Should ANY and ALL Vaporize VOID (or require ELIDE-IF-VOID ?)

I've written up how the evolution of invisibility gave rise to VOID vs. NIHIL.

The default evaluator (and UPARSE) accept that void is "nothing" and can't be put in blocks. But they don't vaporize VOID on a whim: it will still be the result of expressions whose last result is a void.

>> 1 + 2 if false [<a>]
; void

On the other hand, the empty parameter pack of NIHIL truly vaporizes unless you pipe it around with ^META:

>> 1 + 2 nihil
== 3

This means it's up to constructs to decide if they want to erase voids or not. DELIMIT does, so you will see that reflected in things like UNSPACED:

>> unspaced ["A" if false ["B"] "C"]
== "AC"

COMPOSE vaporizes void slots (and errors on null ones). REDUCE is currently vaporizing VOID because it seems like the default people want.

Should ANY and ALL Vaporize Voids?

To me, this is a bit of a tough decision.

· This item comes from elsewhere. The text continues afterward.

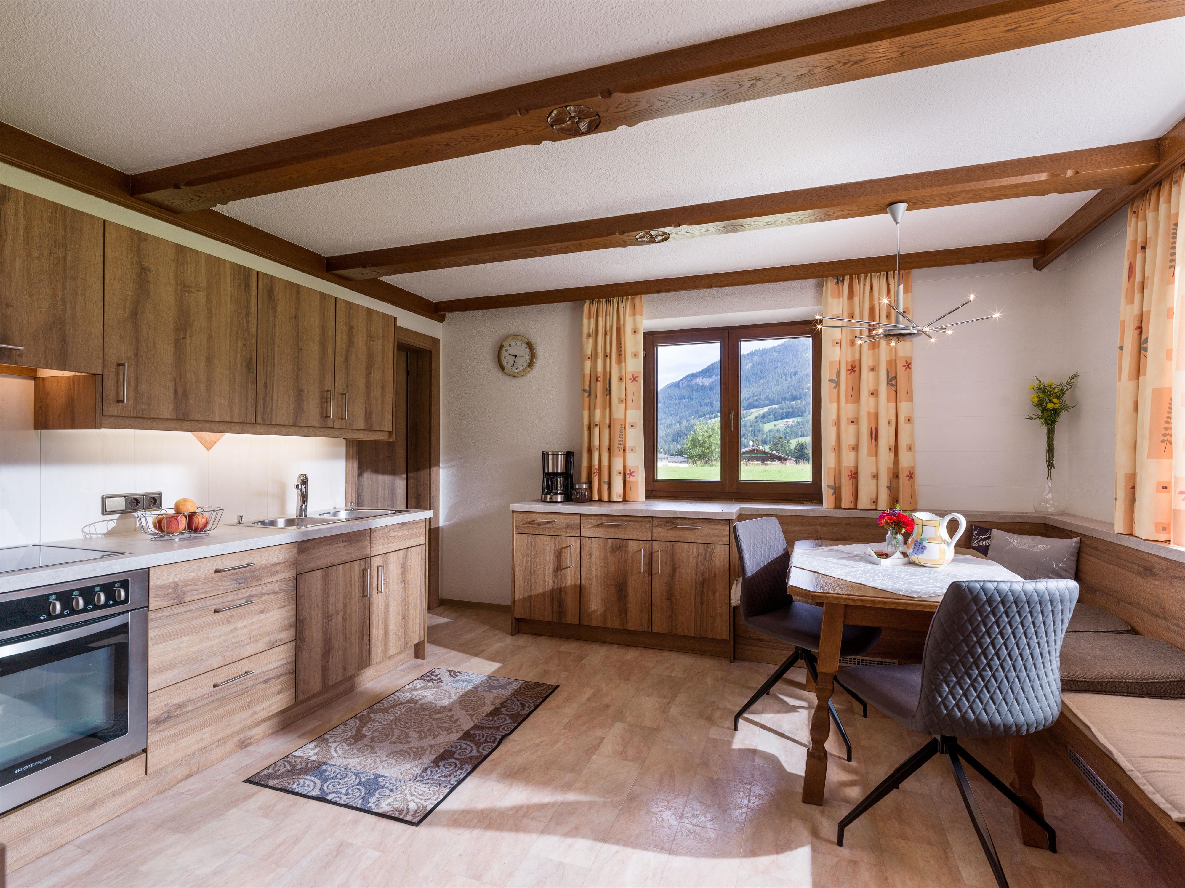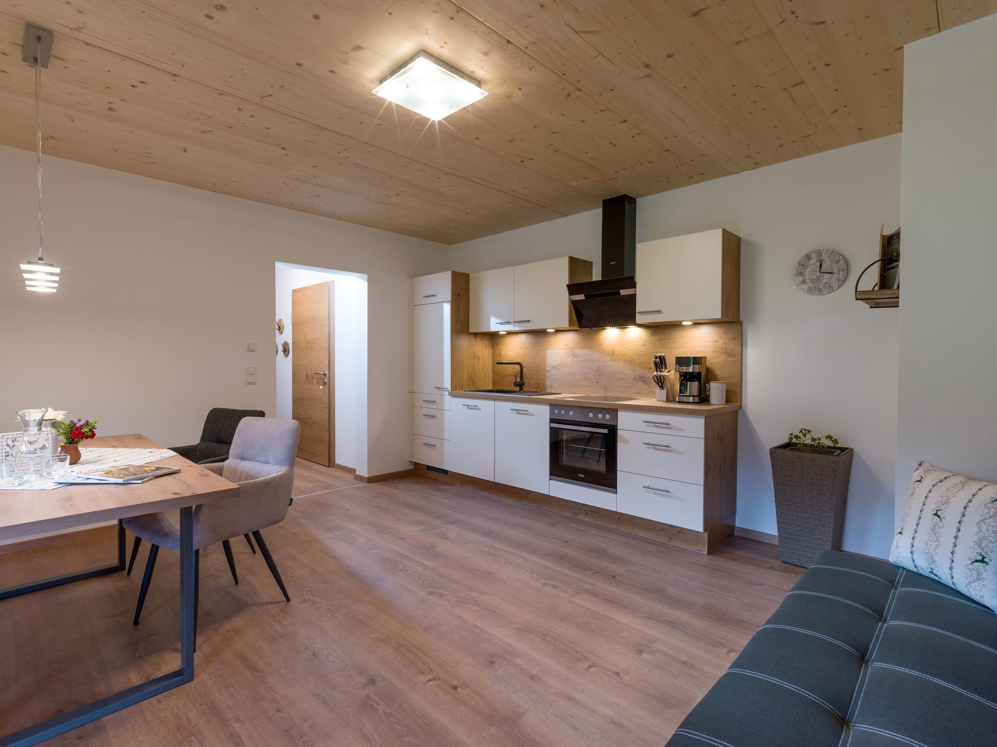 Unser großräumiges Apartment Bauernstube besteht aus einer vollausgestatteten Küche, zwei Schlafzimmer mit einem Doppelbett. Ein Schlafzimmer verfügt noch über eine Schlafzcouch. Zusätzlich gibt es noch ein Bad und ein separatem WC. Das Apartment befindet sich im Erdgeschoß und bietet vor allem im Sommer einen wunderschönen Garten um heiße Sommertage und den Wilden Kaiser auf der Terrasse zu genießen.

VOID is neither truthy nor falsey, and IF will reject it:

>> if (if false [true]) [<unreachable>]
** Error: IF doesn't accept VOID as its condition argument

When there was no VOID/NIHIL distinction, then ANY and ALL were backed into a corner. If they decided to error on void, you couldn't use an ELIDE or ASSERT in the middle of them. If they didn't error on VOID then the risk was that you could write something like all [1 = 1, 2 = 2, value] and if VALUE was just incidentally void you'd get the 2 = 2 result as ~true~.

Today, things like ELIDE and ASSERT return NIHIL and can be safely vaporized by ANY and ALL, while retaining the choice to error on voids as not being true or false. If you really want to erase voids, we can have something that converts voids to nihil called ELIDE-IF-VOID

>> value: void

>> all [1 = 1, 2 = 2, value]
** Error: VALUE is VOID which is neither truthy nor falsey

>> all [1 = 1, 2 = 2, elide-if-void value]
== ~true~  ; isotope

Things Like FOR-BOTH Would Get More Awkward...

I was fairly proud of this formulation:

for-both: func ['var blk1 blk2 body] [
    return unmeta* all [
        meta* for-each (var) blk1 body
        meta* for-each (var) blk2 body
    ]
]

(I wound up deciding that META would meta-raise everything--including pure null and void--so the asterisks were probably best included there for the alternative formulation.)

But if ALL and ANY errored on void, and you had to erase it, this would become:

for-both: func ['var blk1 blk2 body] [
    return unmeta* all [
        elide-if-void meta* for-each (var) blk1 body
        elide-if-void meta* for-each (var) blk2 body
    ]
]

If I put on my formalism hat, I can see how this is safer. But I've made similar arguments about why I don't want this:

>> compose [a (if false ['b]) c]
** Error: COMPOSE cannot erase VOID (use ELIDE-IF-VOID if intentional)

>> compose [a (elide-if-void if false ['b]) c]
== [a c]

It is admittedly a bit different in ANY and ALL's case, because they're mixing in a test for truthiness. But erasing voids by default has other advantages in writing wild control constructs.

I'm really torn on this, as it's right on the edge. But when all things are mostly equal, safety isn't as compelling as enabling creativity in my current view of the language. I think I'm going to wait until I see a really bad consequence of vaporizing the voids here... it hasn't broken any real code yet, and it has proven its convenience.